In addition to their right described above to potentially earn bonuses under the MIP based on the level of the Company’s achievement of the Performance Criteria established by the Compensation Committee, members of the Company’s Executive Staff, other than the CEO, who report directly to the CEO also participate in a Senior Executive Incentive Program (the “SEIP”) under the MIP. Under the SEIP, such members of the Executive Staff may potentially earn additional cash bonuses (calculated as a percentage of each such member’s base salary) based on their respective satisfaction of certain Personal Goals approved for each such Participant by the Committee during the first quarter of each year on the advice of the Company’s CEO. For 2011, there were eight members of the Executive Staff who participated in the SEIP, and each such member was entitled to receive a bonus of between 3% and 10% of his or her base salary for satisfaction of each such Personal Goal, with a maximum limitation of 30% of base salary for satisfaction of all of such Personal Goals.

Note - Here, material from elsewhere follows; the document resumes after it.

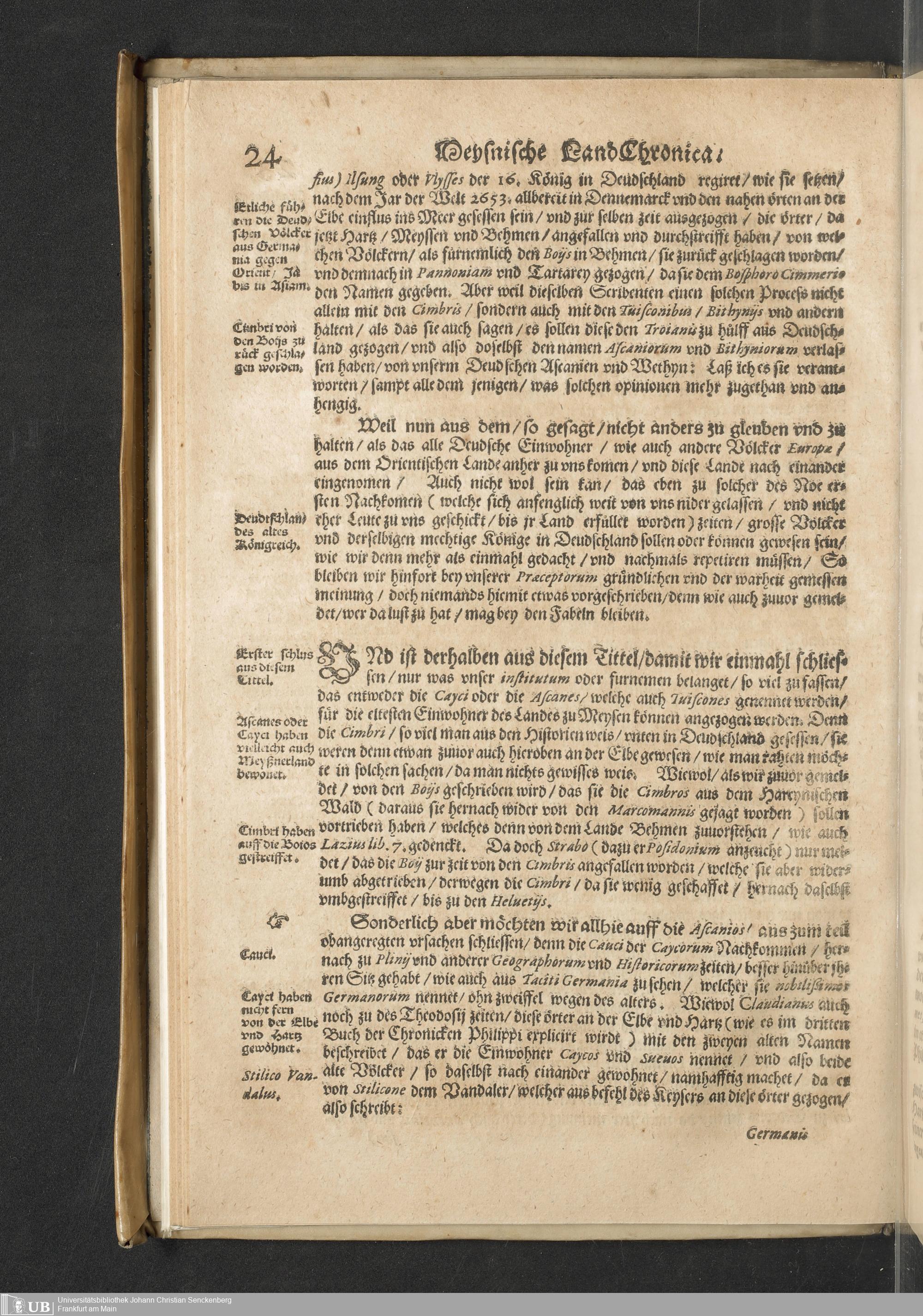 Meißnische Land vnd Berg-Chronica, : Jn welcher ein vollnstendige description des Landes, so zwischen der Elbe, Sala vnd Südödischen Behmischen gebirgen gelegen, So wol der dorinnen begriffenen auch anderer Bergwercken, sampt zugehörigen Metall vn[d] Metallar beschreibungen. : Mit einuorleibten fürnehmen Sächsischen, Düringischen vnd Meißninschen Historien. : Auch nicht wenig Tafeln, Wapen vnd Antiquiteten, derer etliche in Kupffer gestochen. / Gestellet durch Petrum Albinum M. Churf. Sech. Secr. ..

The Personal Goals which the Committee may establish for each member of the Executive Staff under the SEIP are based on the personal management responsibilities of each such member. As in the case of the Company’s Performance Criteria and the related levels of achievement described above, each Personal Goal and the manner of determining the achievement thereof as established by the Committee for each year must be objective such that a third party having knowledge of the relevant facts could determine (1) whether or not the Personal Goal at each such level has been achieved and (2) the total dollar amount of the bonus for each year which has been earned based on such performance. In the Committee’s discretion, such Personal Goals may include one or more of the following factors:
In the case of the CFO - maintenance of selling, general and administrative expenses as a percentage of revenues; cost reductions; increases in the Company’s EBITDA; reduction of average duration of the Company’s outstanding receivables (in days); improvements in compliance to risk-based internal audit function (as objectively determined); timely issuance of internal monthly financial reports; and maintaining high standards in internal control assessments (as objectively determined);
In the case of any member of the Executive Staff having direct responsibility for a business segment - revenue growth of such business segment; increase in EBITDA of such business segment; reduction of average duration of outstanding receivables for the customers of such segment (in days); improved health and safety performance by such segment; and improvement in profitability and/or utilization of staff and/or assets of such segment; and
In the case of any member of the Executive Staff having direct responsibility for other activities of the Company such as acquisitions, human resources, or corporate sales and marketing – specific improvements relating to such activities, such as completion of acquisitions; integration of management, training and reporting systems of acquired businesses, improved utilization of staff and/or assets; implementation of new or improved computer or other management or reporting systems; acquisition or increased level of revenue from significant customer accounts or services offered; reduction of average duration of the Company’s outstanding receivables (in days); reduction of costs; and improved health and safety performance (as objectively determined).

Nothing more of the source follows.